─── INFORMATION SHOWN ───

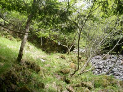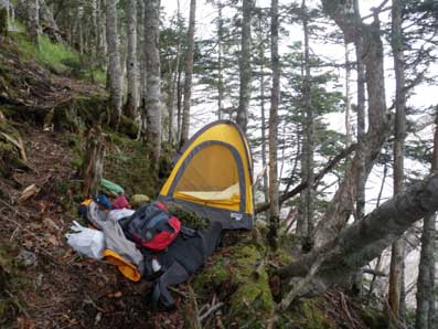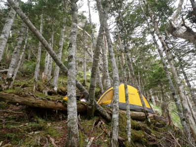 40分ほど登ると下の岩壁帯に着いた。このあたりは平坦地を探すのに苦労する。 倒木に土や枯れ葉が食い止められて少しだけ平坦な場所が出来ている所があったので、 さらに整地して一人用のテントが張れるようにした。 |
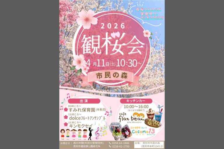 見附市にある「市民の森」にて、観桜会を4/11(土)に開催します。 約400本の...
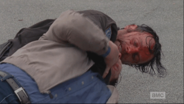 rick’s final threat to mcbeaty Published April 18, 2015 at 591 × 335 in The Walking Dead, Season 5, Episode 15, “Try Rick Smash! can’t resist growling one last threat to McBeaty…if McBeaty even tries to talk to Jessie again, he’ll kill him.

───

• TO DO:
Skipping the images, write out the whole listing exactly.

• REPLY TO THE EXERCISE:
 40分ほど登ると下の岩壁帯に着いた。このあたりは平坦地を探すのに苦労する。 倒木に土や枯れ葉が食い止められて少しだけ平坦な場所が出来ている所があったので、 さらに整地して一人用のテントが張れるようにした。 |
 見附市にある「市民の森」にて、観桜会を4/11(土)に開催します。 約400本の...
 rick’s final threat to mcbeaty Published April 18, 2015 at 591 × 335 in The Walking Dead, Season 5, Episode 15, “Try Rick Smash! can’t resist growling one last threat to McBeaty…if McBeaty even tries to talk to Jessie again, he’ll kill him.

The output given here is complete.